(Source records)
=====
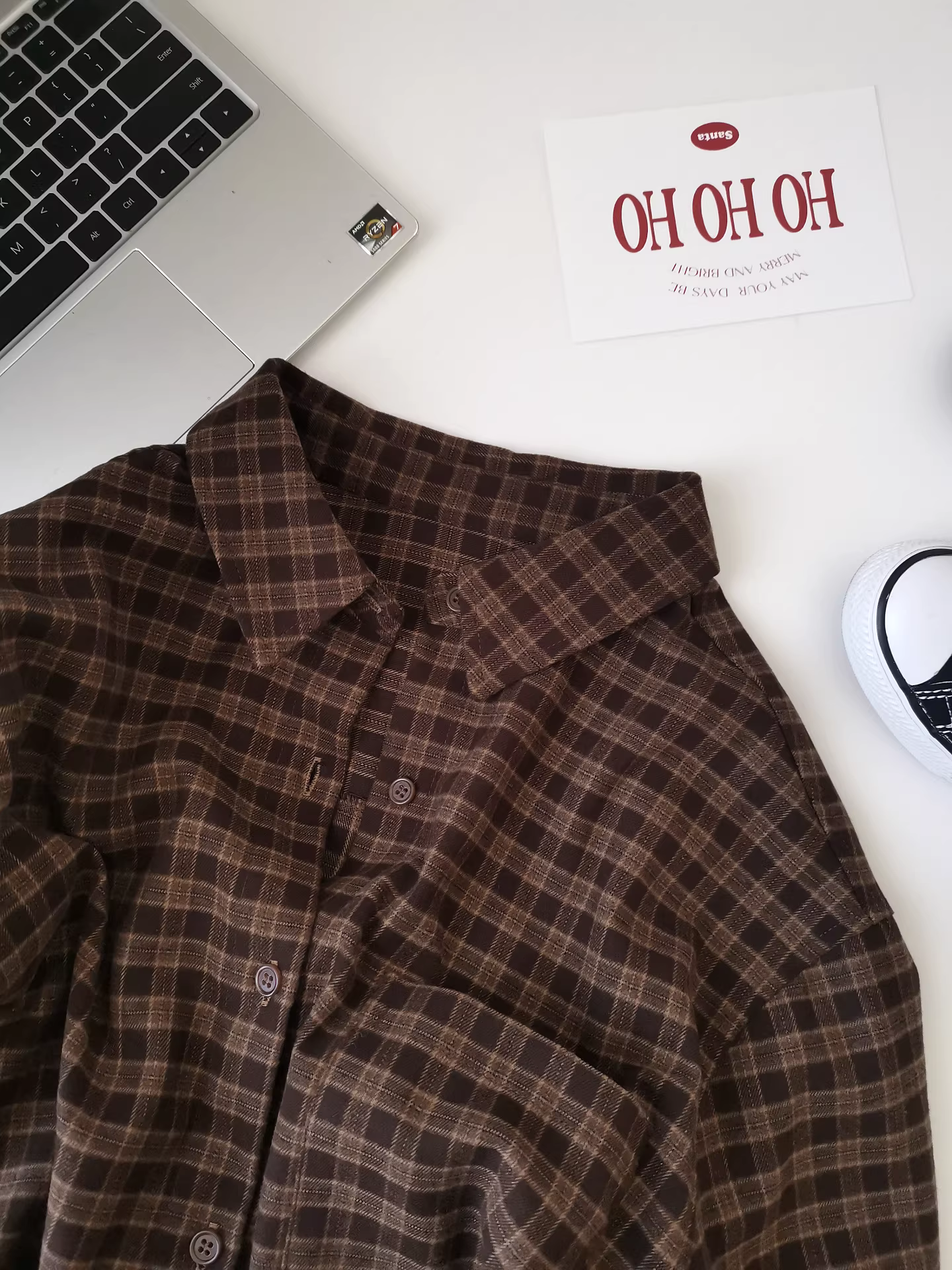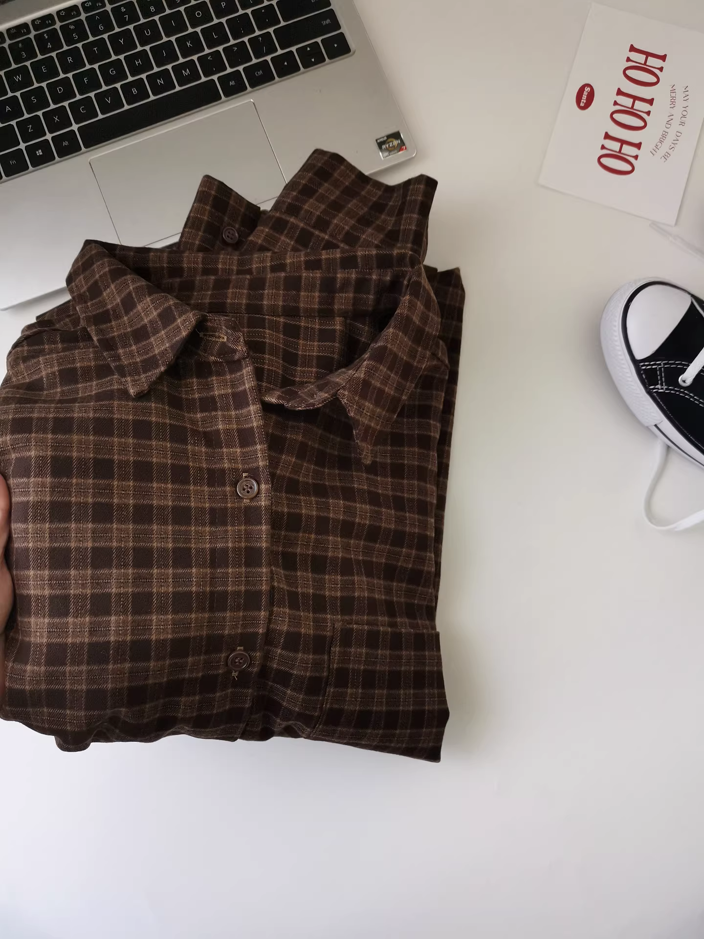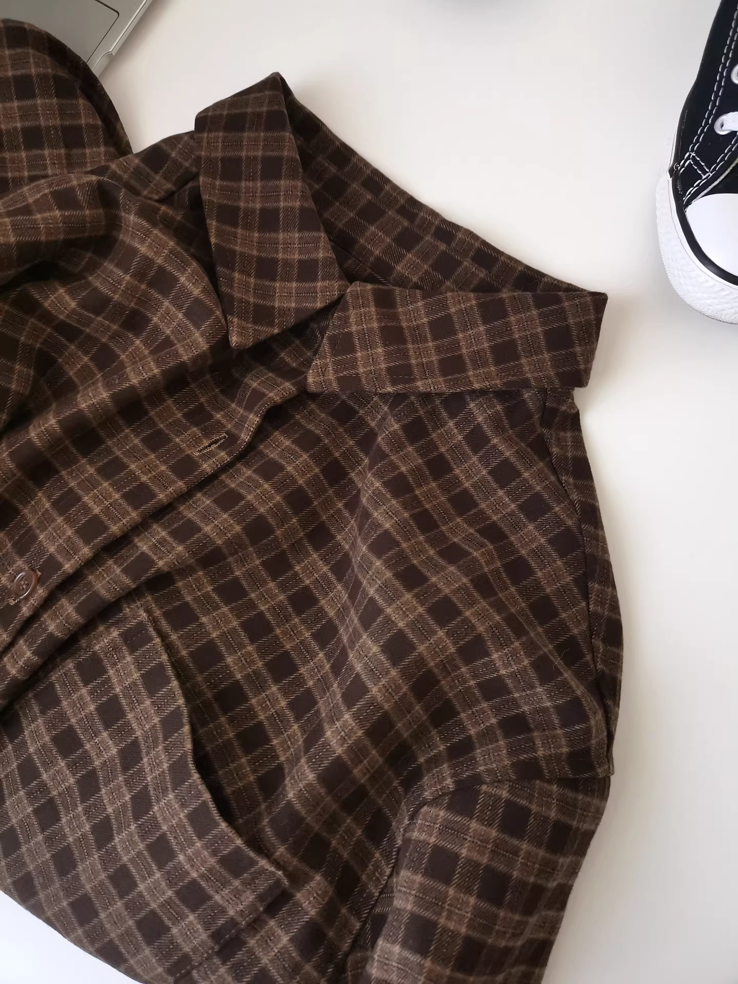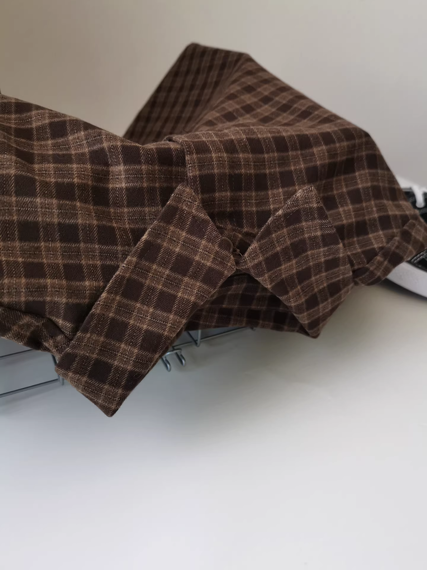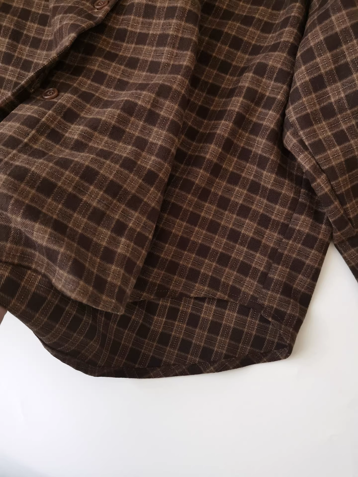 - Áo sơ mi kẻ sọc nâu dài tay dày dặn, dáng rộng, phong cách retro, thoải mái, kiểu Hàn Quốc dành cho nữ
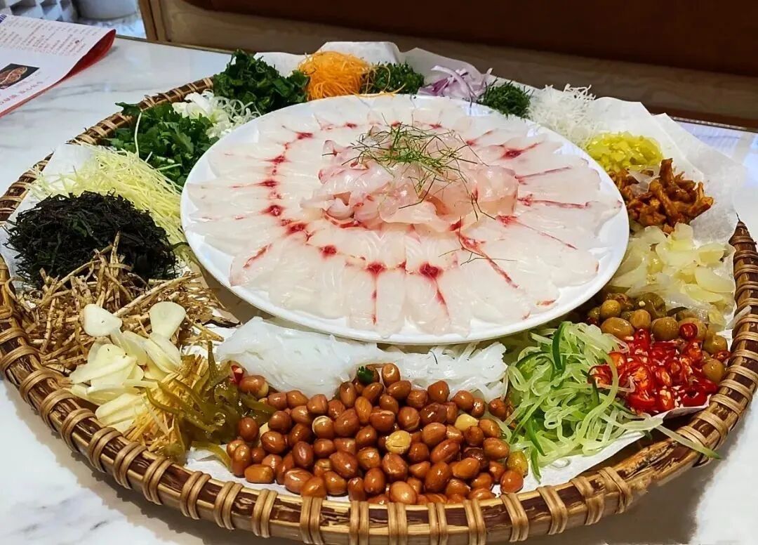 横州鱼生:以刀工精细、鲜爽脆嫩著称,是横州江河饮食文化的精髓。选用郁江野生鲩鱼或花鲢鱼,现杀现切,鱼片薄如蝉翼,搭配柠檬叶、紫苏叶等十余种配料,淋上花生油和生抽,口感层次丰富,是宴席上招待贵客的头牌菜。
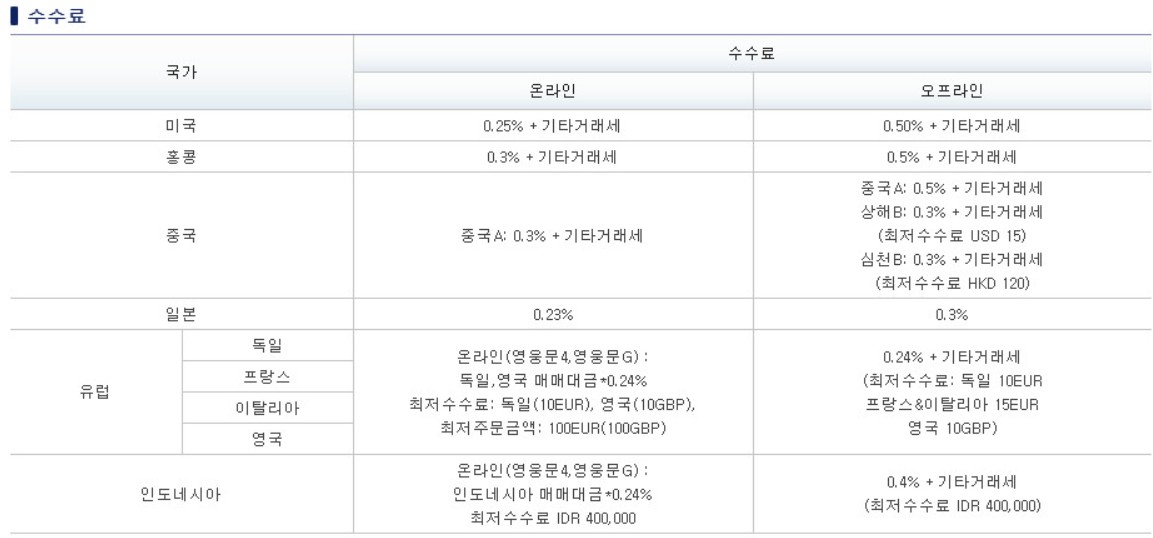 해외 주식은 국내 주식과 다르게 수수료를 매기고 있는데요, 미국은 온라인에서는 0.25% + 기타 거래세를 수수료로 내고 있고 홍콩과 중국은 0.3%, 일본은 0.23%에 수수료를 내야 합니다.
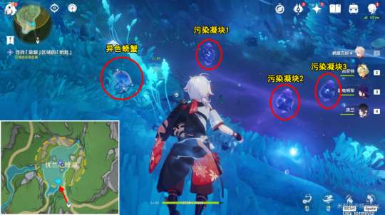 第一步:前往下图位置,获取螃蟹技能,使用螃蟹的防反攻击清除3个污染凝块
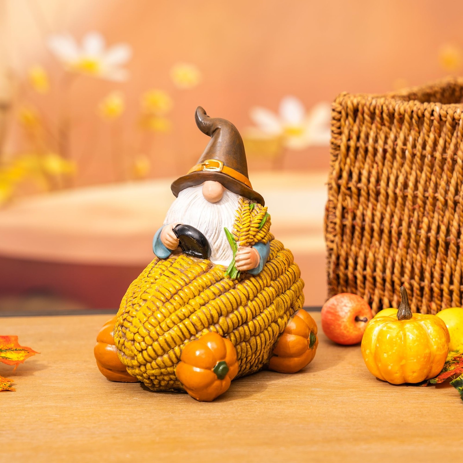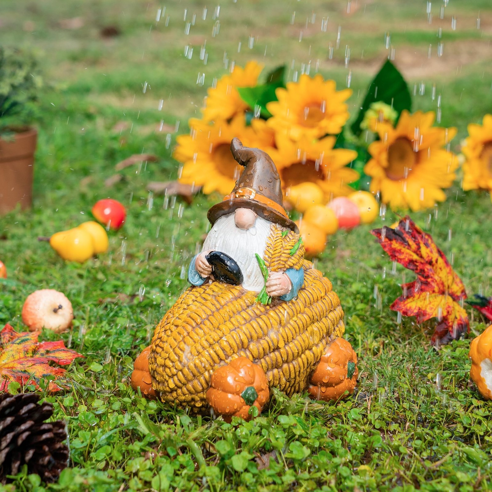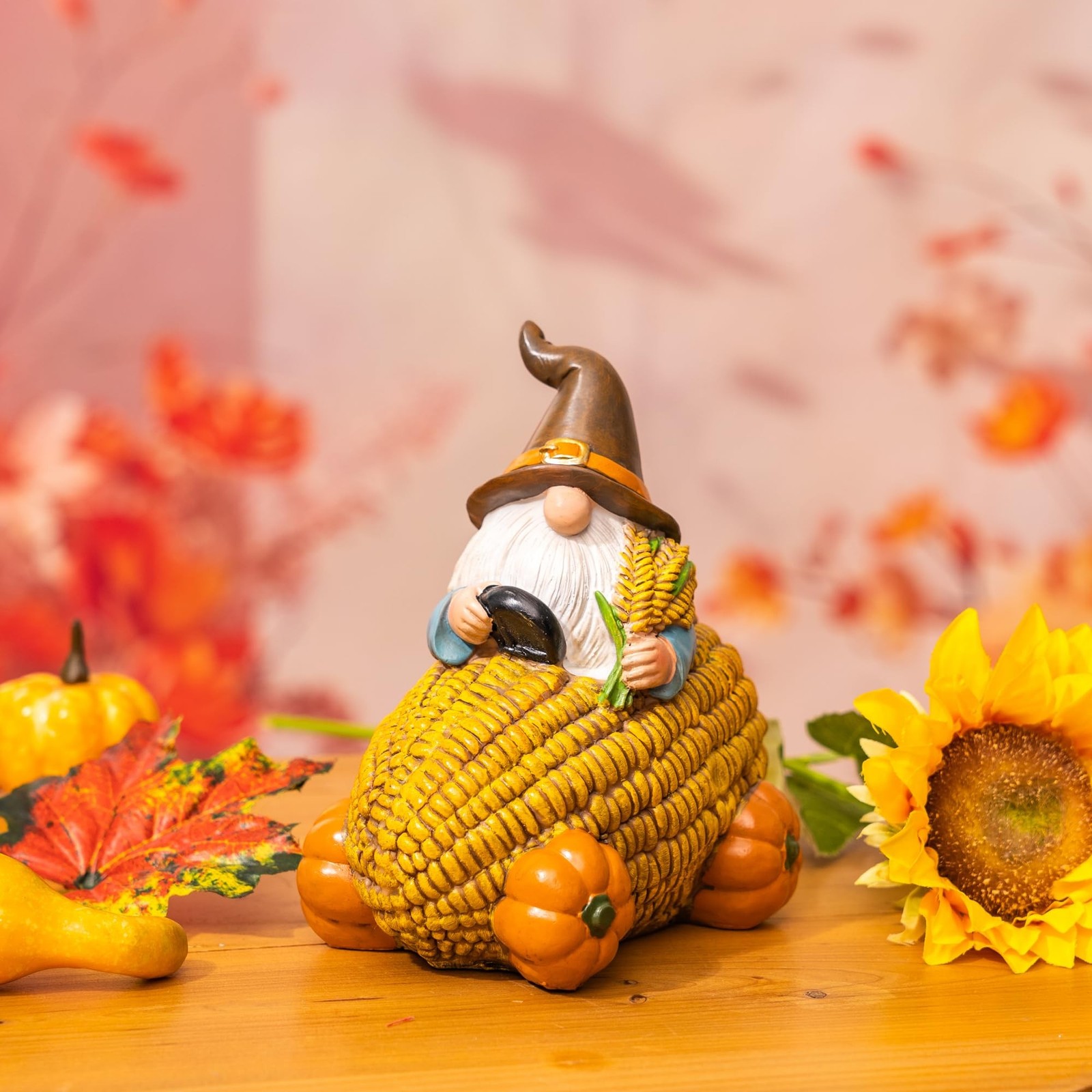 TZSSP Autumn Resin Gnome Corn Car with Happy Fall Thanksgiving Pump... Fast Ship
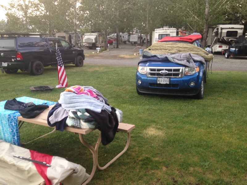 After wobbling back down to the car, we drove a few miles to Tenaya Lake. By that time, it was 5 and a little chilly for swimming. We ate a late lunch and lounged on the beach. I pitched my hammock for the first time, and in the process of doing so, upset a woodpecker in one of my post trees. It didn’t stop yapping for the whole time I was trying to nap,but I did get to see its “spouse” bring back some food and mouth feed it. #Natureiscool. After that, we packed up and headed back to the campsite, excited that we wouldn’t have to set up the tent for the first time on our trip. We were swamped and planned to be asleep by 8:30. Great to our surprise, there had been a thunderstorm and most of our stuff was either soaked or damp. We had to take everything out, put a bunch of stuff in the dryer, and hang the rest on the car. Took at least an hour or two and didn’t get to bed until about 11. It could have been worse though – at least we had a place to sleep!
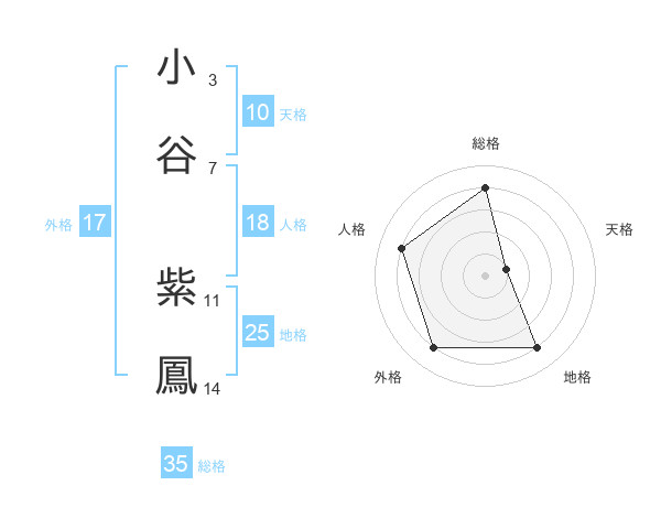 小谷 紫鳳さんの総格は35画の4点!
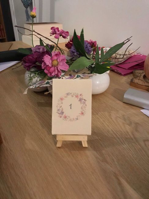 Salut tout le monde 😁 Premier essai pour les numeros de table ! J'ai mis le numero sur une petite toile sur un petit chevalet qui ira sur un rondin de bois en centre de table ! Je pensais mettre le numero un peu plus grand ! Vous en pensez quoi ?...
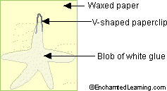Fold a paper clip into a “V” shape. Put the ends of a paper clip into the glue at the end of one arm of the starfish.
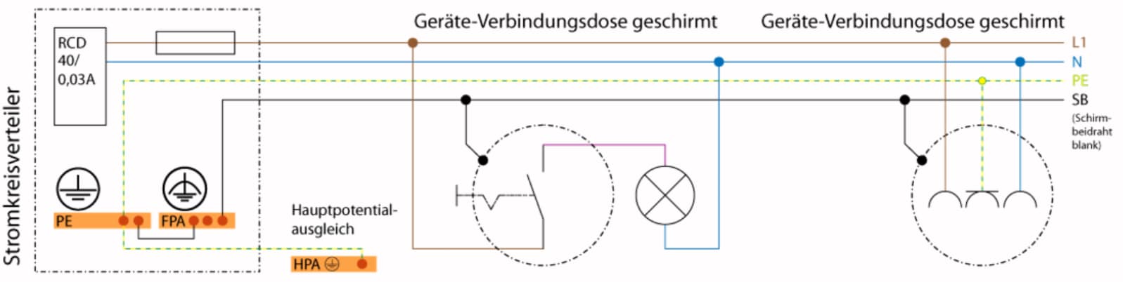 - Der Funktionspotentialausgleich (FPA) dient bei geschirmten Installationen der Minimierung niederfrequenter elektrischer Wechselfelder. Dabei werden die Anschlussdrähte der beschichteten Gerätedosen (Bild 3) mit den Schirmbeidrähten (SB) der geschirmten Installationsleitungen (Bild 2) zur Schiene des FPA geführt (Bild 1, keine weitere Verbindung mit einem Schutzleiter). PE und FPA werden mit der Haupterdungsschiene verbunden. Um Verwechslungen mit dem Schutzleiter (PE) zu vermeiden, ist der Schirmbeidraht (SB) transparent zu isolieren und anschliessend mit transparenten Dosenklemmen zu verbinden (Bild 4).
=====
## Your task
Once the line containing "Salut tout le" has been found, write out exactly that line and each one after it through the end of the data, leaving out every picture.

## Worked solution
 Salut tout le monde 😁 Premier essai pour les numeros de table ! J'ai mis le numero sur une petite toile sur un petit chevalet qui ira sur un rondin de bois en centre de table ! Je pensais mettre le numero un peu plus grand ! Vous en pensez quoi ?...
Fold a paper clip into a “V” shape. Put the ends of a paper clip into the glue at the end of one arm of the starfish.
 - Der Funktionspotentialausgleich (FPA) dient bei geschirmten Installationen der Minimierung niederfrequenter elektrischer Wechselfelder. Dabei werden die Anschlussdrähte der beschichteten Gerätedosen (Bild 3) mit den Schirmbeidrähten (SB) der geschirmten Installationsleitungen (Bild 2) zur Schiene des FPA geführt (Bild 1, keine weitere Verbindung mit einem Schutzleiter). PE und FPA werden mit der Haupterdungsschiene verbunden. Um Verwechslungen mit dem Schutzleiter (PE) zu vermeiden, ist der Schirmbeidraht (SB) transparent zu isolieren und anschliessend mit transparenten Dosenklemmen zu verbinden (Bild 4).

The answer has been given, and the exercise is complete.